In PoE/PotD, however, the optional locations in every area are noticeably more difficult than the main path. It's what I call the "Deathclaw Promontory Design Principle". In other words, the traditional model is inverted. You don't grind optional content to be able to progress on the main quest. Instead, you might find yourself pursuing the main quest further so you can revisit and complete the optional content.
And hence the pacing problem. In most story-driven RPGs, the main quest encounters are inevitable more likely to be more interestingly designed, more story-relevant, more likely to involve intelligent human foes rather than brute monsters, more likely to yield interesting loot, etc. And so you have a game where the player's sense of pacing is skewed and unexpected. He might spend a great deal of time on dealing with combat that is relatively less interesting, and less time with the combat that's supposed to be more interesting.
Say I run into a large horde of lions in some out of the way cove in Woodend Plains and Stormwall Gorge.

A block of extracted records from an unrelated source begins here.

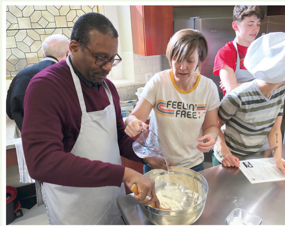
(Above and on page 1) During their retreat in March, members of Session baked bread together and shared stories about what energizes them as leaders.
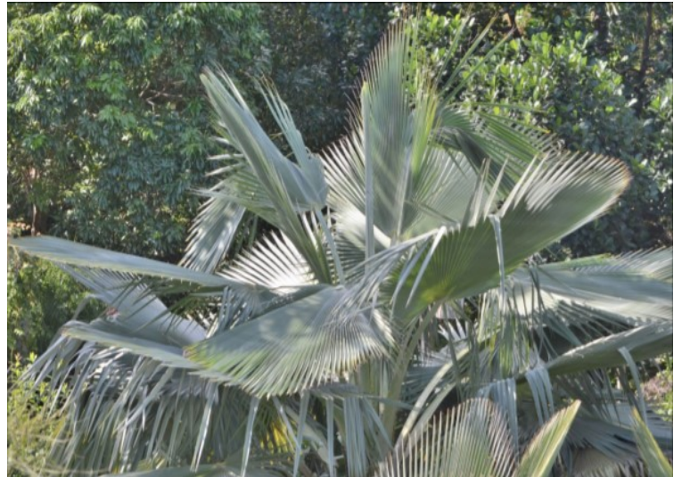
LEFT: Copernicia rigida growing at Fairchild Tropical Botanical Garden.
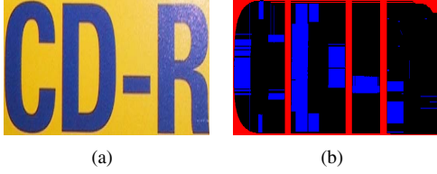
Figure 2. (a) Input Image (b) Its foreground-background seeds, Red and blue colour shows foreground and background seeds respectively (Best viewed in colour).
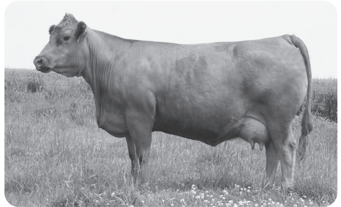
General Patton's ET Full Sister Photographed at 7 Yrs of Age

HP PB Painted Black Son Top 10% CE EPD Strength CE Deluxe 70# BW CE Beef Machine Genetics First-Calf Dam/Powerful JR Dam of Merit Cow Family
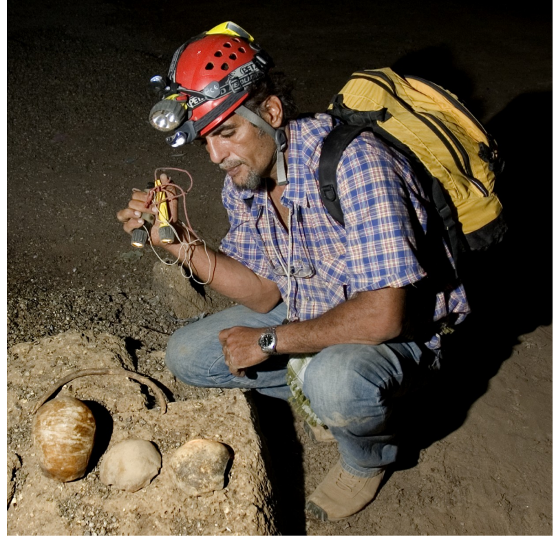
Figure 5, Fragments of three human skulls found in Umm Jirsan Cave

The oldest bones found in a Saudi Cave and dated, were discovered at the distal end of the Wolf Den Passage of Umm Jirsan Cave. Two fragments of human skulls (Fig. 5), carbon-dated at 4040±30 and 3410±30 years BP were found lying on the surface of a sediment floor measured 1.2 meters deep in another part of the cave. It is speculated that digging may result in the discovery of even older bones in this cave. Numerous basalt geofacts (Fig. 6) of a size and shape useful for cutting, scraping and puncturing, were found gathered together in the Workshop Passage of Umm Jirsan Cave. These may have been used as tools (Pint, 2009).

A bunch of melee monsters that maul your tank to death in seconds if you don't control them properly with debuffs. That's pretty cool. Three times, however, and it's not so much that you're not enjoying yourself (I'd say every encounter is just different enough that it's not quite a matter of repeating the exact same tactic three times), but you begin wondering whether you should really be spending so much time in a wilderness area doing something so comparatively unimportant. It's all in the pacing. The overall impression one gets is that the wilderness areas aren't really BG1-style wilderness romps at all, but actually dungeon areas that happen to be above ground.

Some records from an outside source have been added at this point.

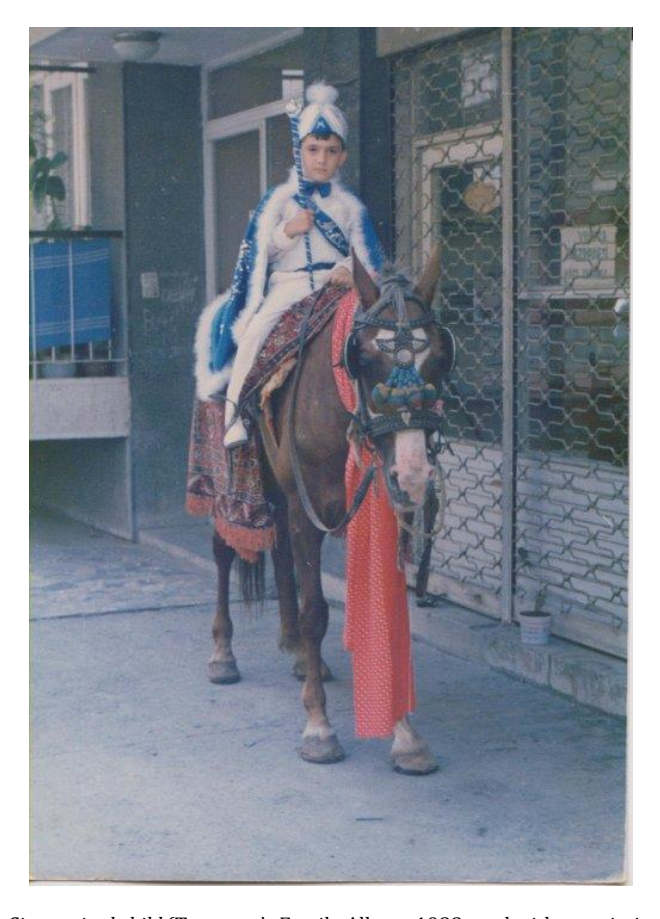
Figure 3: Circumcised child

become the sultan's son! It was beautiful in that sense. Then the bed is made, huge, like a real sultan's bed." (1986, İzmir)
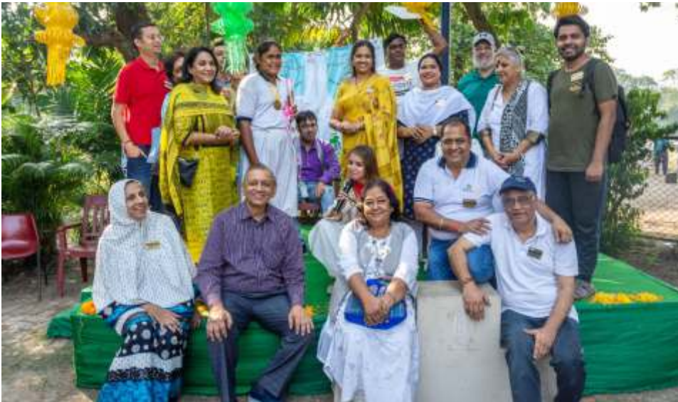
Team Rotary Club of Calcutta Park Point 2022-23

WE WELCOME OUR DISTRICT GOVERNOR VISIT TO ROTARY CLUB OF PARK POINT VENUE : OUTRAM CLUB ON 24/02/2023 QUATERLY BULLETIN FOR THE PERIOD (JANUARY - FEBRUARY 2022)
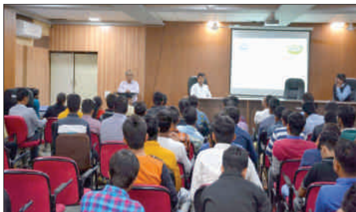
Celebration of National Agricultural Education Day at PAH, Rajpur (Nava)
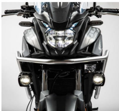
Fog Lights Set 08ESY-MKP-F0G19

Set of 2 additional front LED headlights with all necessary components for fitment to the front side pipe also included in this set. Increase the visibility for the rider and make him more noticeable for the traffic surrounding him.
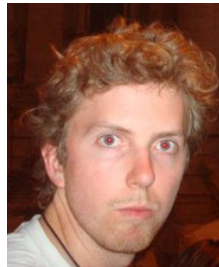
Wendell (from The Simpsons)
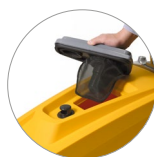
Removable lid + floating ball + filter
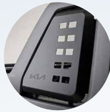
Sport Bar Kit
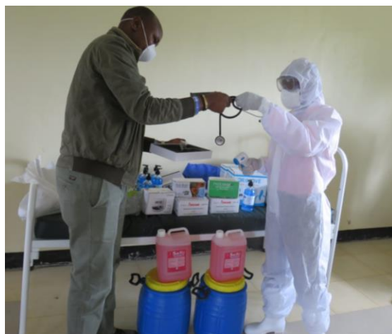
Supplies distributed at Emurutoto clinic.
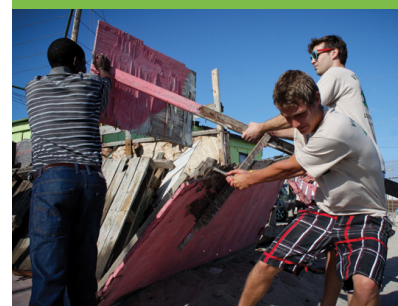
Build permanent housing in South African townships
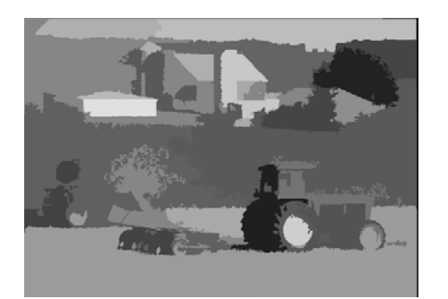
Fig. 4. Level 4 segmnt., 25 object-regions
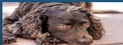
9. AMERICAN WATER SPANIELS
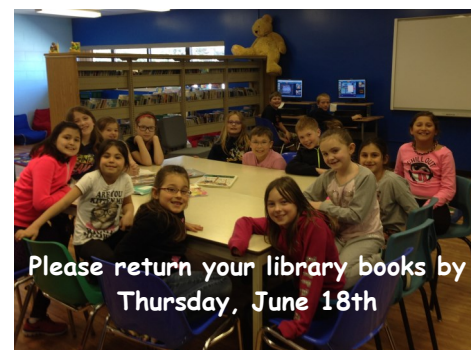
Please return your library books by Thursday, June 18th

5). On the first day of school, our Grades 1-5 students will enter our school building and go straight to our school cafeteria. Once the class lists have been read and the students have been introduced to their new teachers, then the teachers will lead their new students to their classrooms.
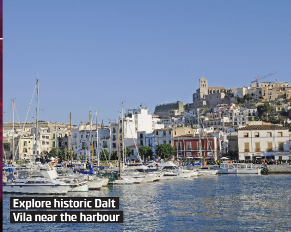
Explore historic Dalt Vila near the harbour
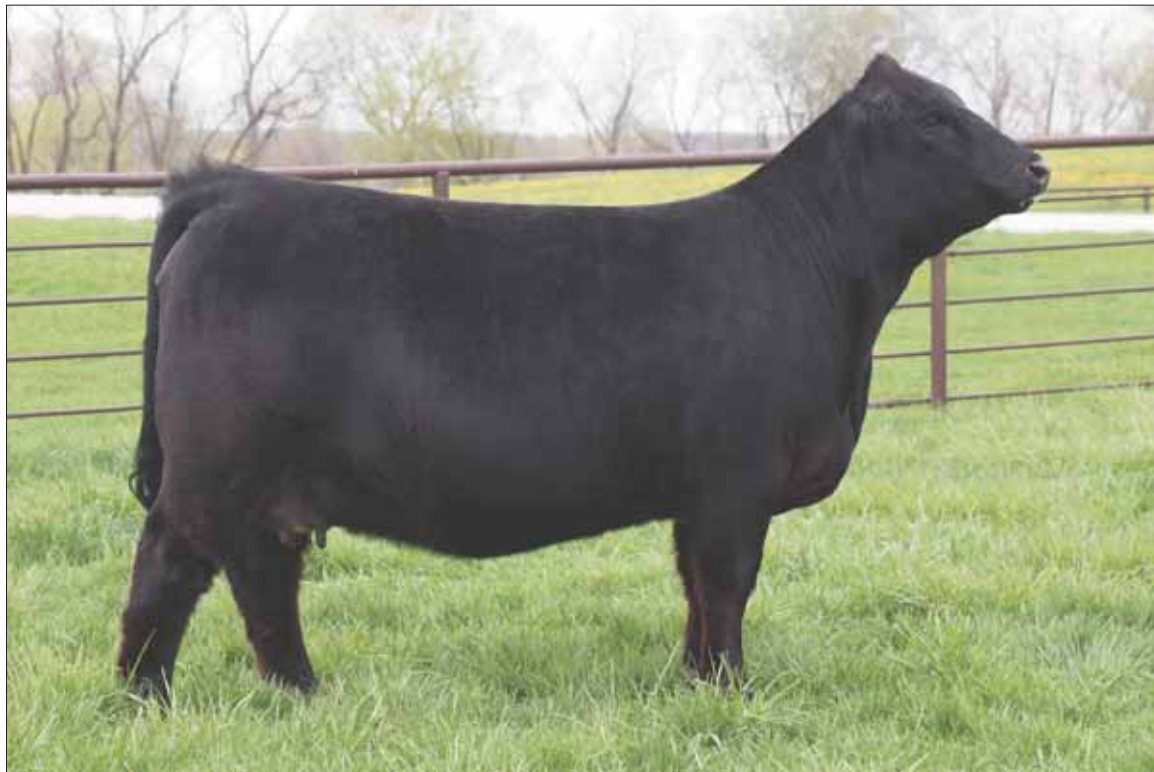
CELL 5065C, dam of Lot 20.
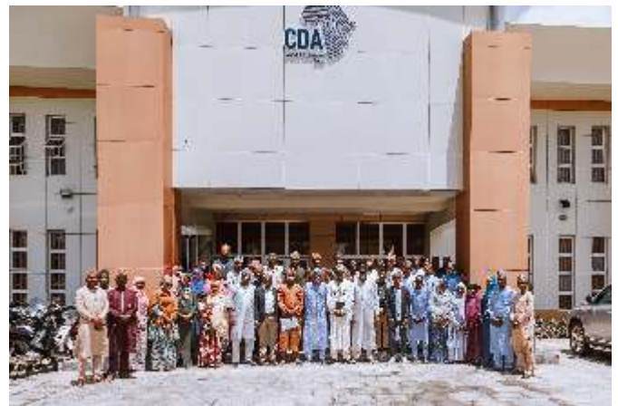
A group photograph of CDA Postgraduate students and facilitators

The orientation program which took place on 13 th June, 2023 at the CDA Conference Hall, was also meant to familiarize the students with the campus life, postgraduate study guidelines, available resources and the university's policies.
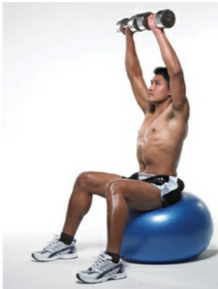
A-B: The starting and ending positions.
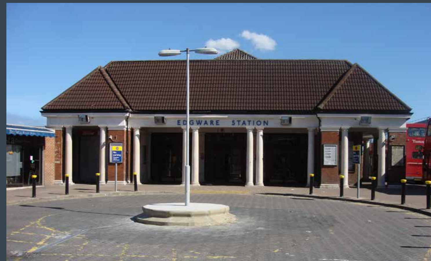
EDGWARE UNDERGROUND STATION

So, what I would do with PoE/PotD is actually consider making some of the encounters in every area LESS difficult. I think that in general, "monolithic" encounters composed entirely of one sort of enemy should have an upper cap on their difficulty that should rarely be exceeded. If it is exceeded, there'd better be some damn good loot there. Ideally, PoE's wilderness areas should receive BG1-style NPC party encounters with interesting loot, and that should be the "difficulty spike" in every area that the player spends a lot of time cracking. Defeating these encounters should perhaps grant some experience points as well.
As far as loot goes, it's not really that PoE's loot selection is bad, but loot placing should be made more unique, so you might need to go to a specific place in the world and beat a hard encounter to find the only free Fine Rapier in the early game, or whatever.
But even without fancy NPC enemies, I think some relatively minor tweaking of existing encounters could make PoE/PotD a better-paced experience. Of course, I imagine that as I progress in the game and my characters become more powerful, I might reach a point where this pacing issue sorts itself out naturally, though at the expense of difficulty across the board.